### Description of the task
Could you repeat every entry below word for word, leaving out the pictures?
——
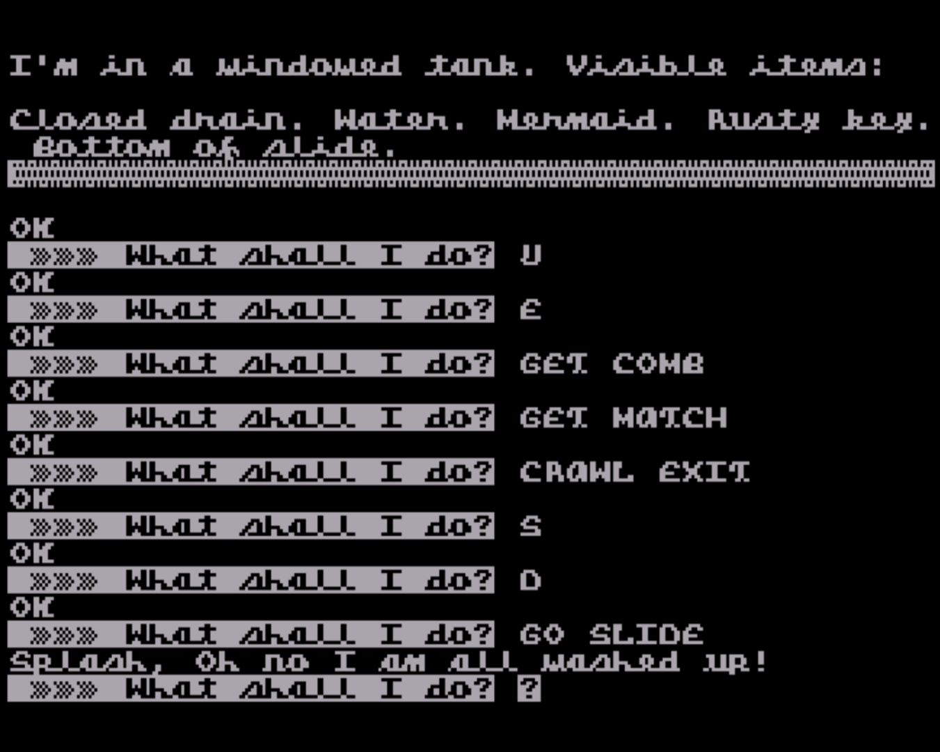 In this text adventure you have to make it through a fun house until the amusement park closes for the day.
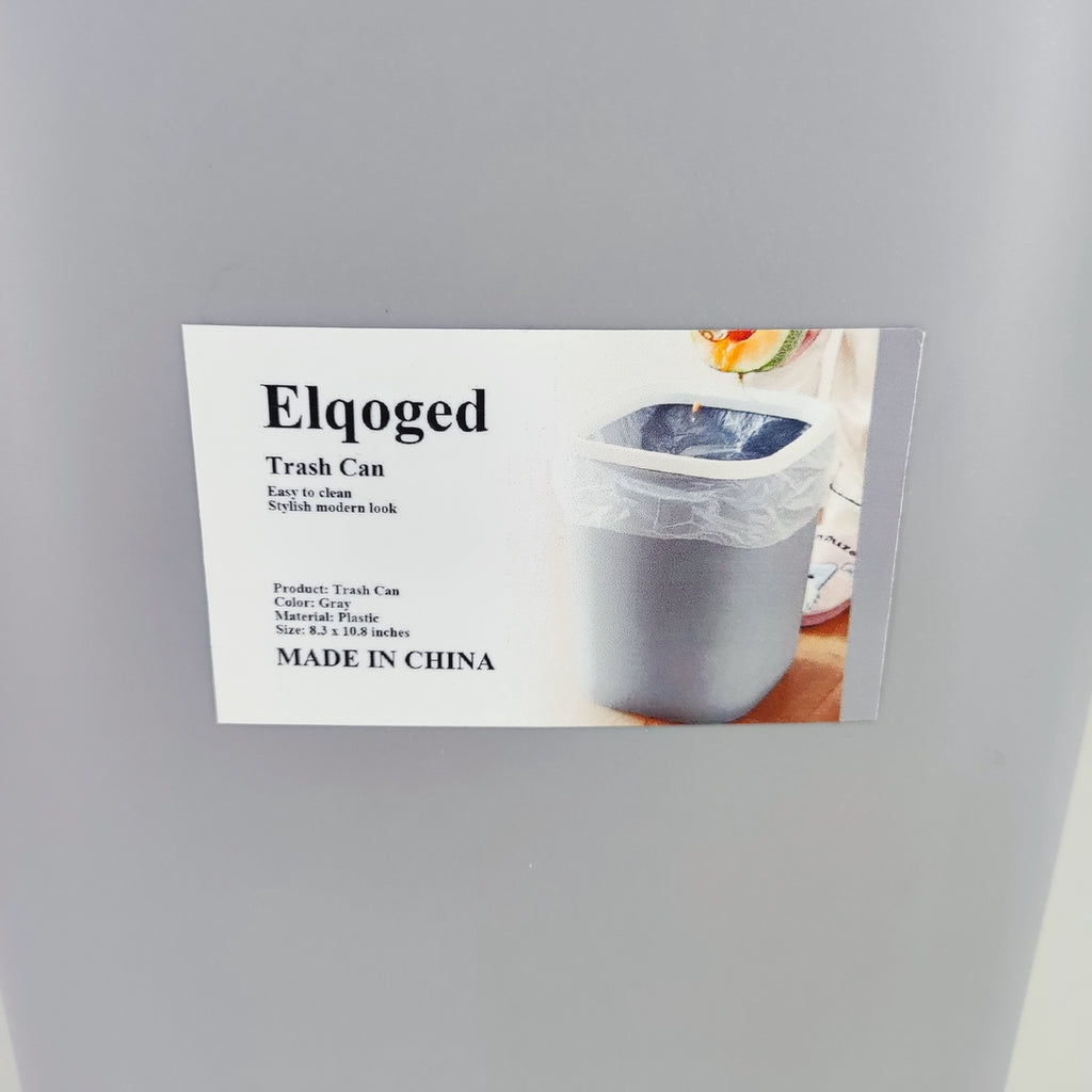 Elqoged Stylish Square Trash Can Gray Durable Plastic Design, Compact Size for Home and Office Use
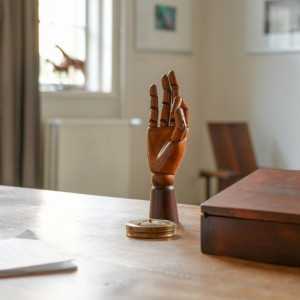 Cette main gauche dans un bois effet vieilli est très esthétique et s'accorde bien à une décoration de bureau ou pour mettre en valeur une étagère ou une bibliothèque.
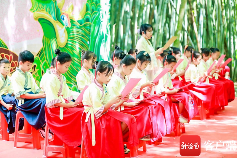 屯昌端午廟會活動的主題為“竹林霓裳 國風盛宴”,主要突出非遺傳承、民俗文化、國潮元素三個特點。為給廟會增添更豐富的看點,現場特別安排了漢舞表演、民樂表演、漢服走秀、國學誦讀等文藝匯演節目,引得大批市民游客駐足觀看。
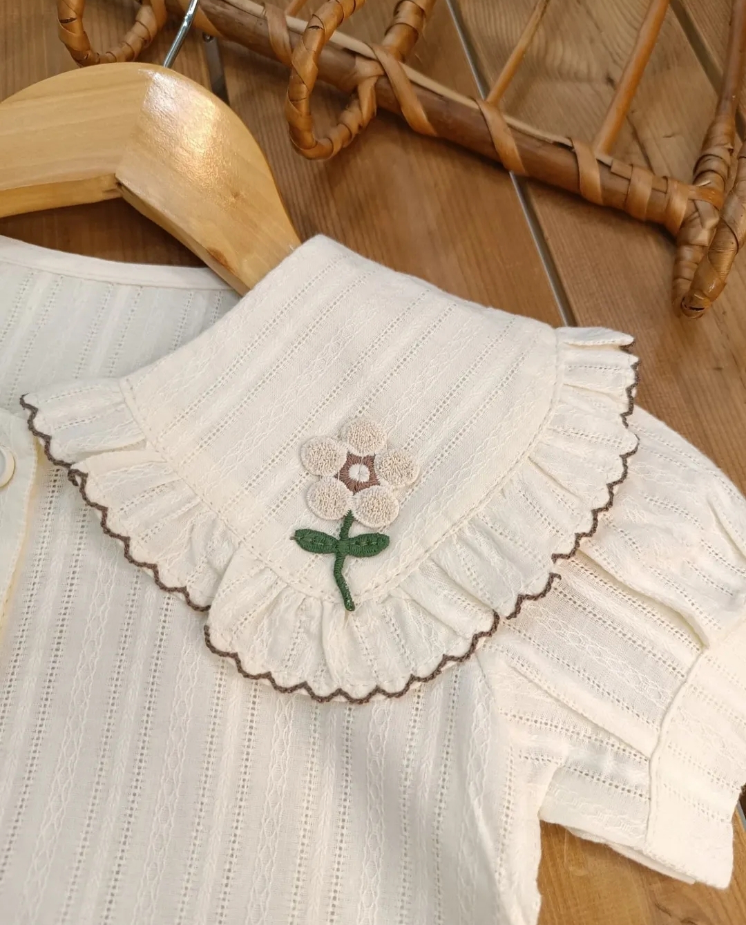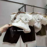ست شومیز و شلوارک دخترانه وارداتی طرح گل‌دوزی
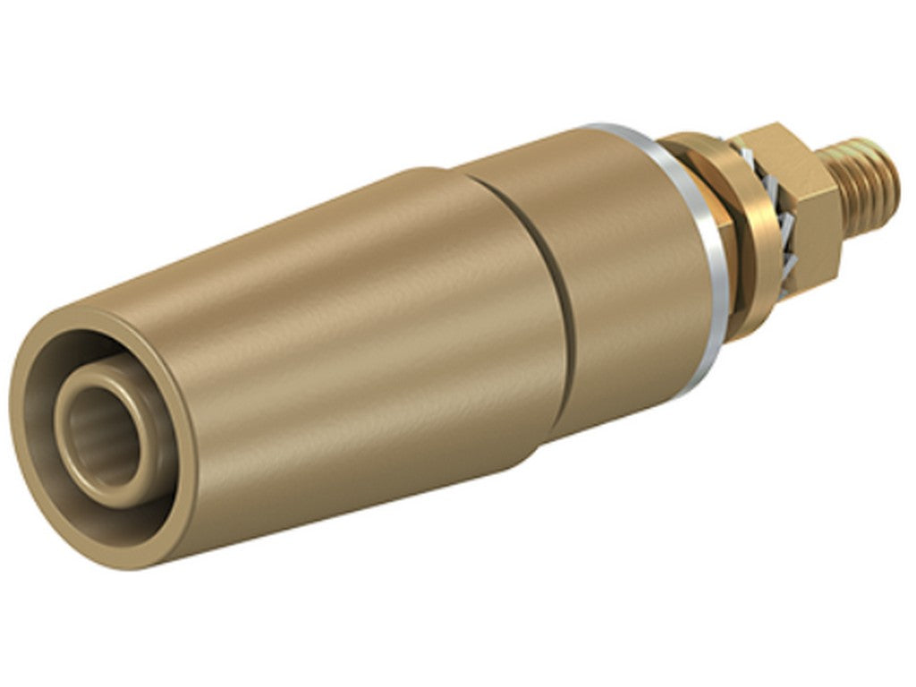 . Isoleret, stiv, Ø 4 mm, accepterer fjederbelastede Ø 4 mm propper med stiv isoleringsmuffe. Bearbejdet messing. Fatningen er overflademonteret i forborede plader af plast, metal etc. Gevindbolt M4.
——
### Exercise answer
 In this text adventure you have to make it through a fun house until the amusement park closes for the day.
 Elqoged Stylish Square Trash Can Gray Durable Plastic Design, Compact Size for Home and Office Use
 Cette main gauche dans un bois effet vieilli est très esthétique et s'accorde bien à une décoration de bureau ou pour mettre en valeur une étagère ou une bibliothèque.
 屯昌端午廟會活動的主題為“竹林霓裳 國風盛宴”,主要突出非遺傳承、民俗文化、國潮元素三個特點。為給廟會增添更豐富的看點,現場特別安排了漢舞表演、民樂表演、漢服走秀、國學誦讀等文藝匯演節目,引得大批市民游客駐足觀看。
ست شومیز و شلوارک دخترانه وارداتی طرح گل‌دوزی
 . Isoleret, stiv, Ø 4 mm, accepterer fjederbelastede Ø 4 mm propper med stiv isoleringsmuffe. Bearbejdet messing. Fatningen er overflademonteret i forborede plader af plast, metal etc. Gevindbolt M4.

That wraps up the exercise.